WORK TASK — Print only the lines running from the line with "five men inside" to the final line below, both included, exactly as written and without the pictures.

[[ THE INPUT open ]]

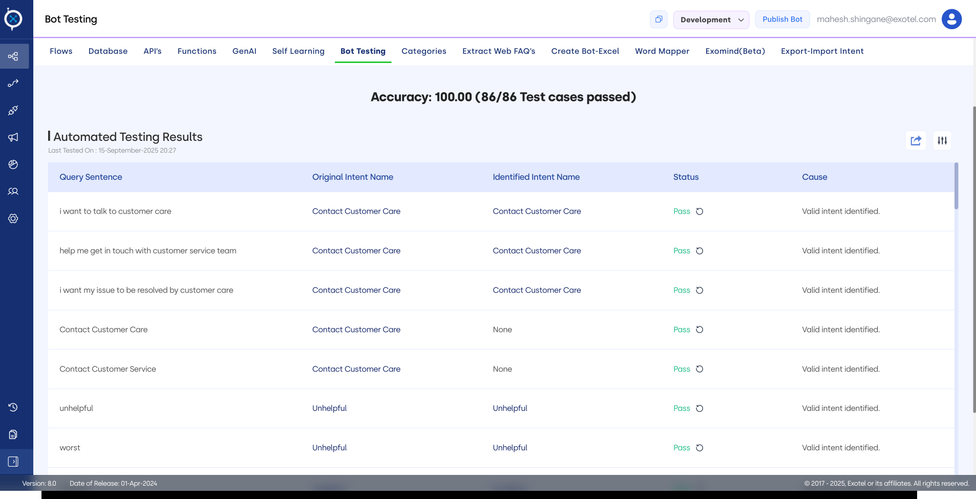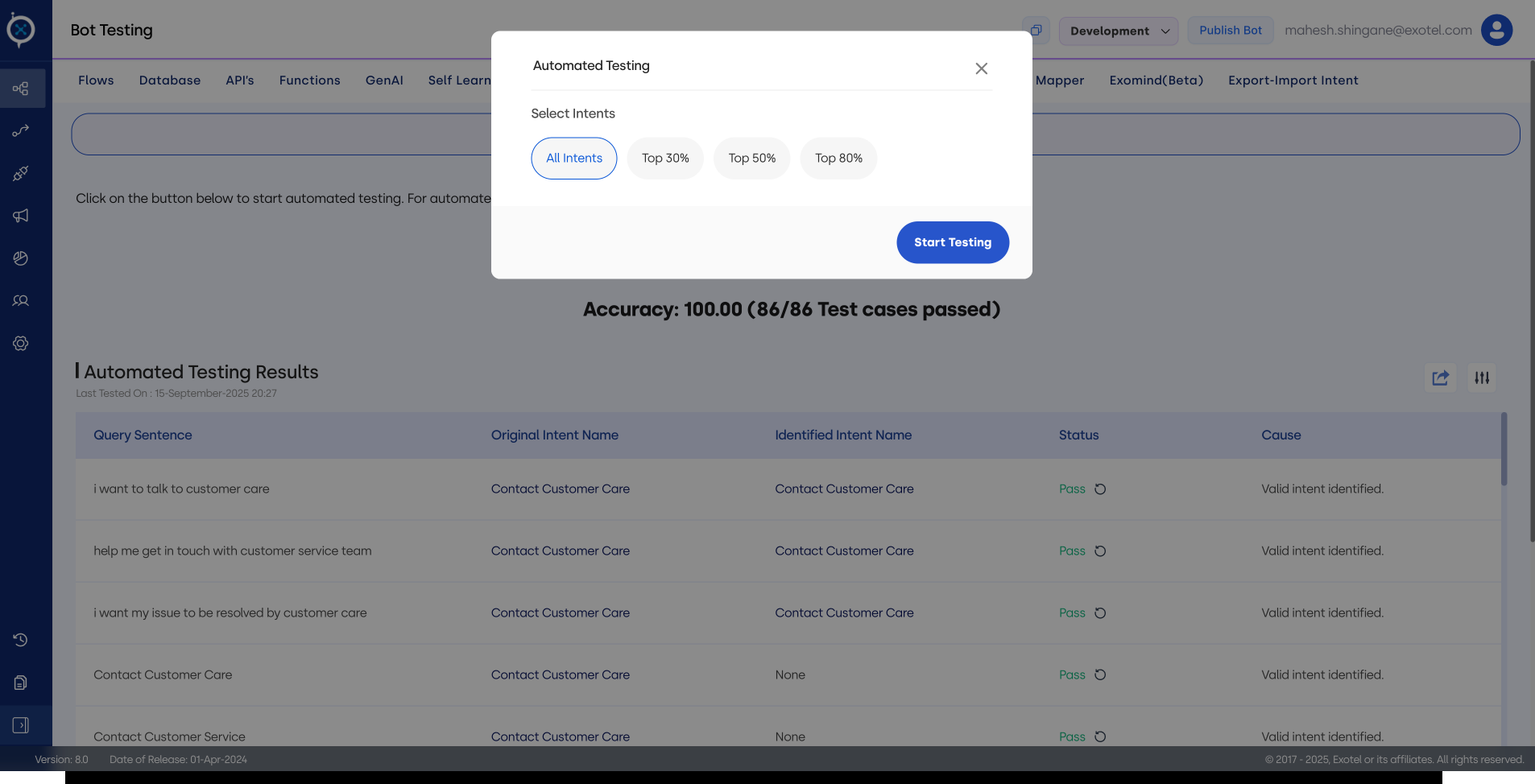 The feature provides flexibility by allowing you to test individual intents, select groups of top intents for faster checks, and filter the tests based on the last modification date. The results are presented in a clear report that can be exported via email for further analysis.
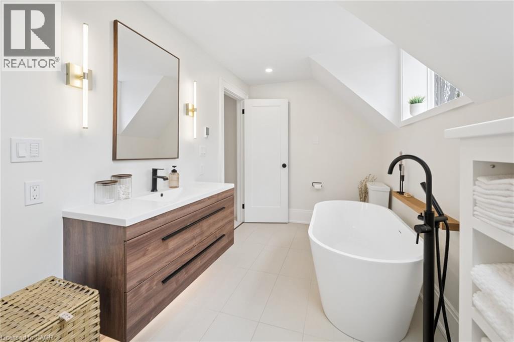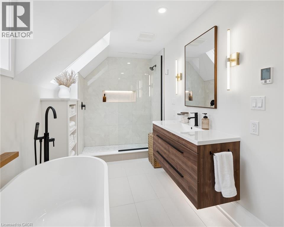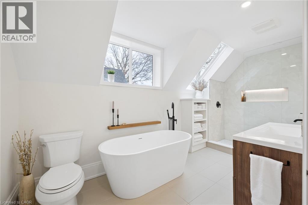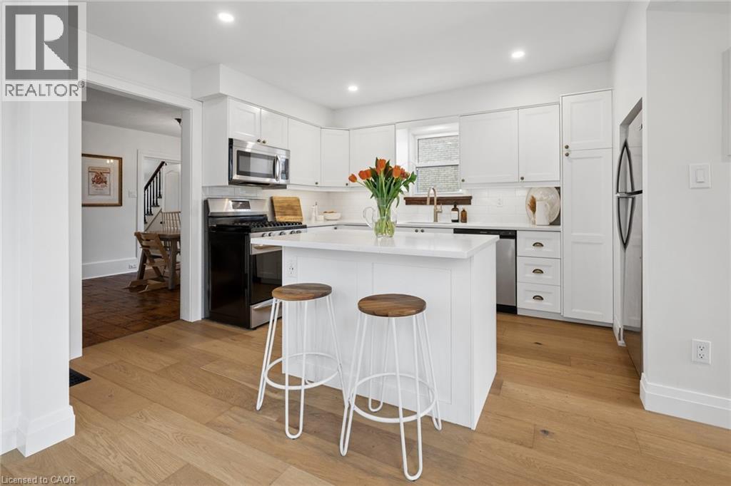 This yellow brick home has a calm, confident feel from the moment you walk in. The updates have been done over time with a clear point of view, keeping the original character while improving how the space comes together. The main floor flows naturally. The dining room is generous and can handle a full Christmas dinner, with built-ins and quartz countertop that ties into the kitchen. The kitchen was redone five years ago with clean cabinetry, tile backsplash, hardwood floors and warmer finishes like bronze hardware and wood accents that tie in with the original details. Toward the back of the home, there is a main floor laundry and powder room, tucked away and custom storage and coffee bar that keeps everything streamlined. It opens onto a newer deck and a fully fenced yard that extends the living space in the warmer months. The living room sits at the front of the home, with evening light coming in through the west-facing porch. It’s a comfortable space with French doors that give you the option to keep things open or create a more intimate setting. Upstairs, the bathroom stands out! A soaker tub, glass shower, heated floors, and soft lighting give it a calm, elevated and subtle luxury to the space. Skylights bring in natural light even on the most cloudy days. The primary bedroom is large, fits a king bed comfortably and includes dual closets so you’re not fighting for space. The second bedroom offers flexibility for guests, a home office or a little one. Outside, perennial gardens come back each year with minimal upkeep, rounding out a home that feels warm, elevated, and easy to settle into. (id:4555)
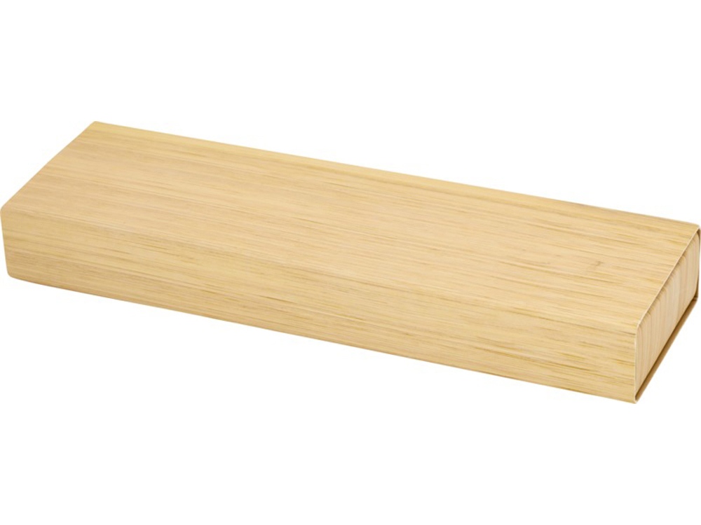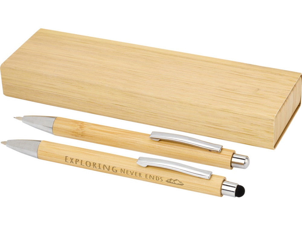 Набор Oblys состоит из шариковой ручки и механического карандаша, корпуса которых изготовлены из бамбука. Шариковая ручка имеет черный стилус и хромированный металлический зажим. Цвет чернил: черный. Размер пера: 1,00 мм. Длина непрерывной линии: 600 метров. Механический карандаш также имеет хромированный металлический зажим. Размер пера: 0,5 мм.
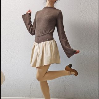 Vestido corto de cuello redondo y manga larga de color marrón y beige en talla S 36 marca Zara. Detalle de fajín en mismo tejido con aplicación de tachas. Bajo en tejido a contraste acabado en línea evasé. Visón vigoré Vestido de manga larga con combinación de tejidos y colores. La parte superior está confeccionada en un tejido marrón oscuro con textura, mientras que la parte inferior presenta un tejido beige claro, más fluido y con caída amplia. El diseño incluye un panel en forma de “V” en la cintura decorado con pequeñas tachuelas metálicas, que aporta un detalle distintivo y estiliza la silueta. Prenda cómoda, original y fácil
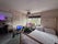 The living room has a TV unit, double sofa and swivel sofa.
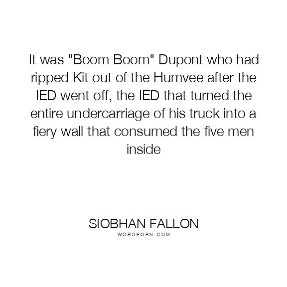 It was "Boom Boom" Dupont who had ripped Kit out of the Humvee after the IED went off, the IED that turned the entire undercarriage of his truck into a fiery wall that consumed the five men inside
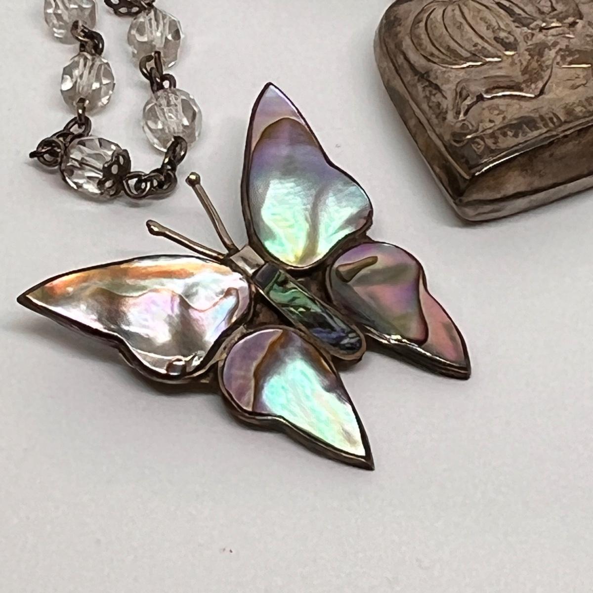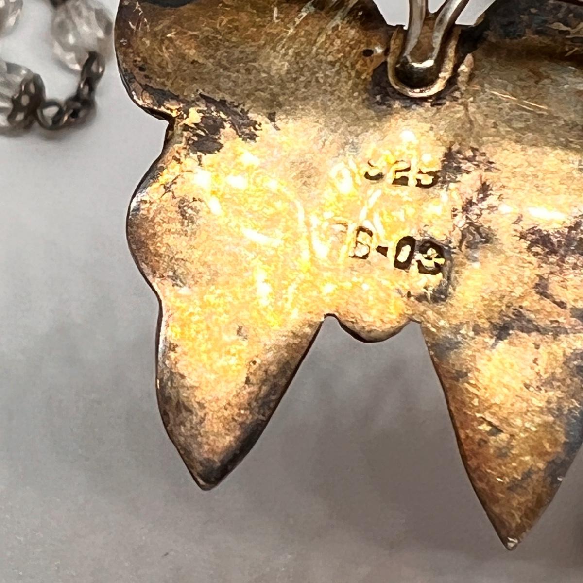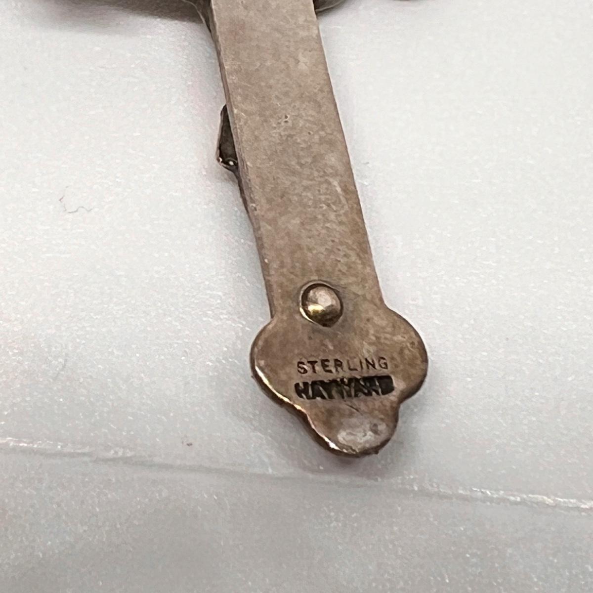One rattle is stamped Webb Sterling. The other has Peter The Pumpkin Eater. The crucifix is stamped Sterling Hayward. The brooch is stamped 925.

[[ THE INPUT closed ]]

ANSWER BOX —
 It was "Boom Boom" Dupont who had ripped Kit out of the Humvee after the IED went off, the IED that turned the entire undercarriage of his truck into a fiery wall that consumed the five men inside
One rattle is stamped Webb Sterling. The other has Peter The Pumpkin Eater. The crucifix is stamped Sterling Hayward. The brooch is stamped 925.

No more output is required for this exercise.